- SUPPLIED DATA

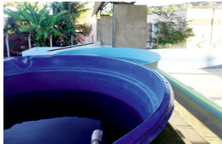
A expectativa era de que a transmissão da dengue tivesse uma diminuição nos períodos de maio, junho e julho quando as temperaturas estão mais baixas

Cidades como Camaragibe, Jaboatão dos Guararapes, Goiana, Jataúba e Inajá estão com a chamada infestação vetorial. Em outras palavras, o número de mosquitos transmissores da den-
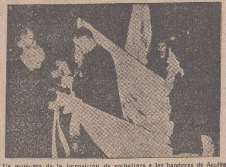
Un momento de la imposición de corbatines a las banderas de Acción Católica, celebrado en la Universidad.
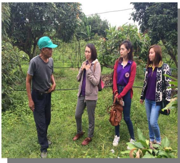
ภาพที่ ๙ สวนเศรษฐกิจเพียงพอ
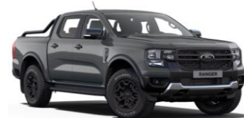
Conquer Grey FORD Performance
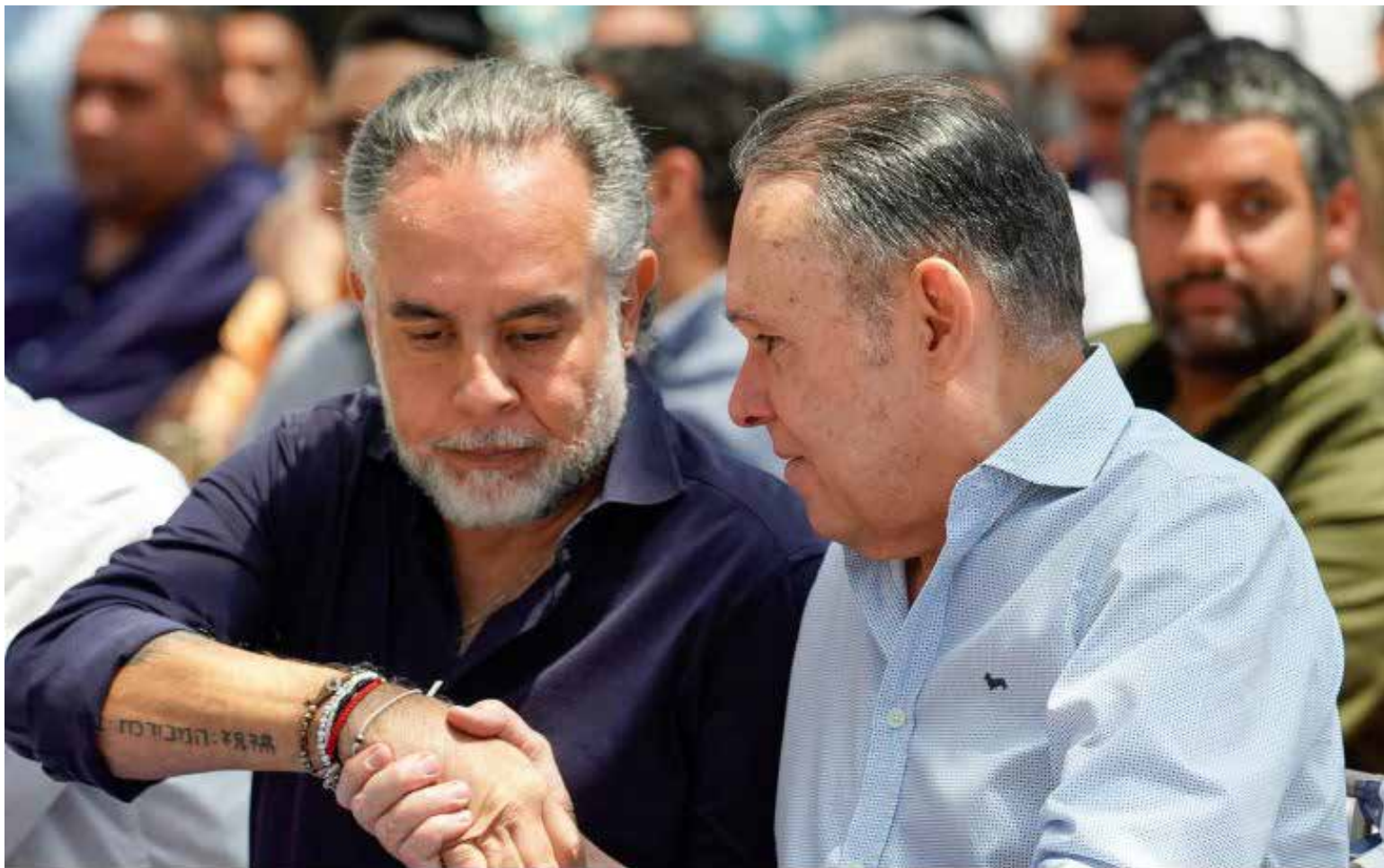
En un giro inesperado, el ministro del Interior, Armando Benedetti, y el presidente del Congreso, Efraín Cepeda, parecen estar dándose una nueva oportunidad para reconstruir su relación, previamente marcada por fuertes tensiones. Este acercamiento se produce en medio de un ambiente político polarizado.

El ministro Benedetti no dudó en recordar episodios anteriores que, según el Gobierno, evidencian un patrón de bloqueo. Mencionó la «votación inédita» en la Comisión Séptima, donde senadores no ponentes firmaron una ponencia negativa, y la fallida Consulta Popular. «Bas-
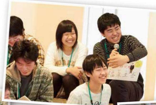
会場の パネル展示
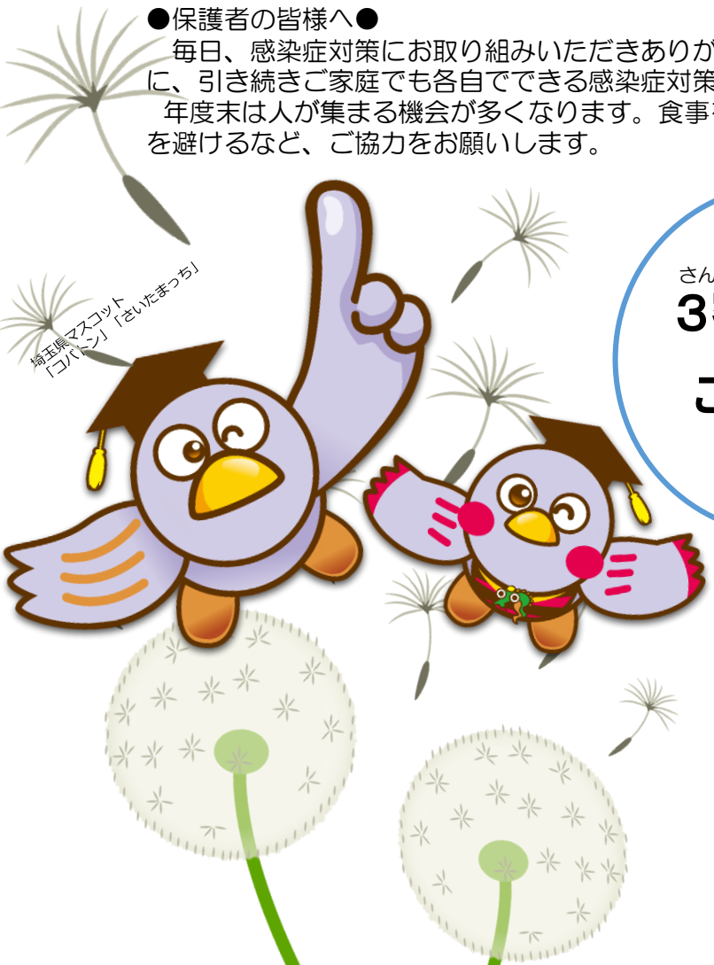
埼玉県マスコット「コバタン」「さいたまつち」

年度末は人が集まる機会が多くなります。食事を伴う席がある場合には健康観察を行うとともに、少人数・短時間・大声を避けるなど、ご協力をお願いします。
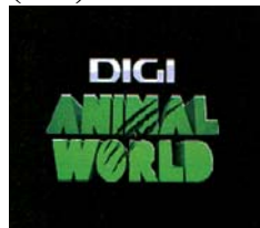
DIGI ANIMAL WORLD

(591) Culori revendicate:verde închis, verde deschis, albastru închis, negru
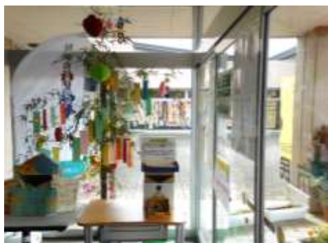
玄関ホールでの展示風景

なお、今回は衆議院議員通常選挙と重なり、より多くの方に短冊展示を観てもらう機会となり、普段、公民館へ足を運ぶことのない方々に、公民館事業の一部を知ってもらえたのではないかと思うと共に、マナー化せず、来年も多くの方に足を運んでもらえるよう工夫した展示を検討しなければと感じている。
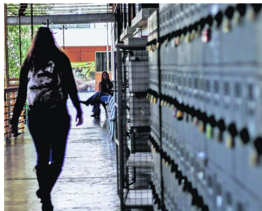
Las universidades se encuentran concluyendo sus procesos de matrícula.

Ignacia Canales 20 OCT 2021 08:38 PM Tiempo de lectura: 4 minutos
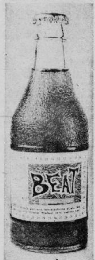
Nova brezalkoholna pijača Beat odžeja in osvežuje PETOVIA PTUJ

še 120.000 dinarjev kmetom borcem za reševanje njihovih problemov. Ta sredstva pa so dobljena iz republiškega prispevka in iz sredstev skupščine občine, ki jih je dala v ta namen. -b
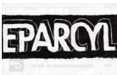
Julien Baete BHV XCII. 2009

Le dessin procède aussi de l'ennui : une vacuité du corps (mais pas de la main, toujours remuante elle), mais une disponibilité de l'âme. De ses attentes riches, l'évasion est rendue possible en voyages mentaux et en divagations éventuelles.
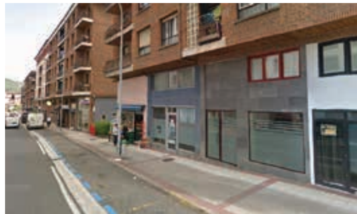
Idiazabal kalea.

- WORK ORDER
Everything in the data except the pictures should be restated word for word.

- ANSWER
A expectativa era de que a transmissão da dengue tivesse uma diminuição nos períodos de maio, junho e julho quando as temperaturas estão mais baixas

Cidades como Camaragibe, Jaboatão dos Guararapes, Goiana, Jataúba e Inajá estão com a chamada infestação vetorial. Em outras palavras, o número de mosquitos transmissores da den-
Un momento de la imposición de corbatines a las banderas de Acción Católica, celebrado en la Universidad.
ภาพที่ ๙ สวนเศรษฐกิจเพียงพอ
Conquer Grey FORD Performance
En un giro inesperado, el ministro del Interior, Armando Benedetti, y el presidente del Congreso, Efraín Cepeda, parecen estar dándose una nueva oportunidad para reconstruir su relación, previamente marcada por fuertes tensiones. Este acercamiento se produce en medio de un ambiente político polarizado.

El ministro Benedetti no dudó en recordar episodios anteriores que, según el Gobierno, evidencian un patrón de bloqueo. Mencionó la «votación inédita» en la Comisión Séptima, donde senadores no ponentes firmaron una ponencia negativa, y la fallida Consulta Popular. «Bas-
会場の パネル展示
埼玉県マスコット「コバタン」「さいたまつち」

年度末は人が集まる機会が多くなります。食事を伴う席がある場合には健康観察を行うとともに、少人数・短時間・大声を避けるなど、ご協力をお願いします。
DIGI ANIMAL WORLD

(591) Culori revendicate:verde închis, verde deschis, albastru închis, negru
玄関ホールでの展示風景

なお、今回は衆議院議員通常選挙と重なり、より多くの方に短冊展示を観てもらう機会となり、普段、公民館へ足を運ぶことのない方々に、公民館事業の一部を知ってもらえたのではないかと思うと共に、マナー化せず、来年も多くの方に足を運んでもらえるよう工夫した展示を検討しなければと感じている。
Las universidades se encuentran concluyendo sus procesos de matrícula.

Ignacia Canales 20 OCT 2021 08:38 PM Tiempo de lectura: 4 minutos
Nova brezalkoholna pijača Beat odžeja in osvežuje PETOVIA PTUJ

še 120.000 dinarjev kmetom borcem za reševanje njihovih problemov. Ta sredstva pa so dobljena iz republiškega prispevka in iz sredstev skupščine občine, ki jih je dala v ta namen. -b
Julien Baete BHV XCII. 2009

Le dessin procède aussi de l'ennui : une vacuité du corps (mais pas de la main, toujours remuante elle), mais une disponibilité de l'âme. De ses attentes riches, l'évasion est rendue possible en voyages mentaux et en divagations éventuelles.
Idiazabal kalea.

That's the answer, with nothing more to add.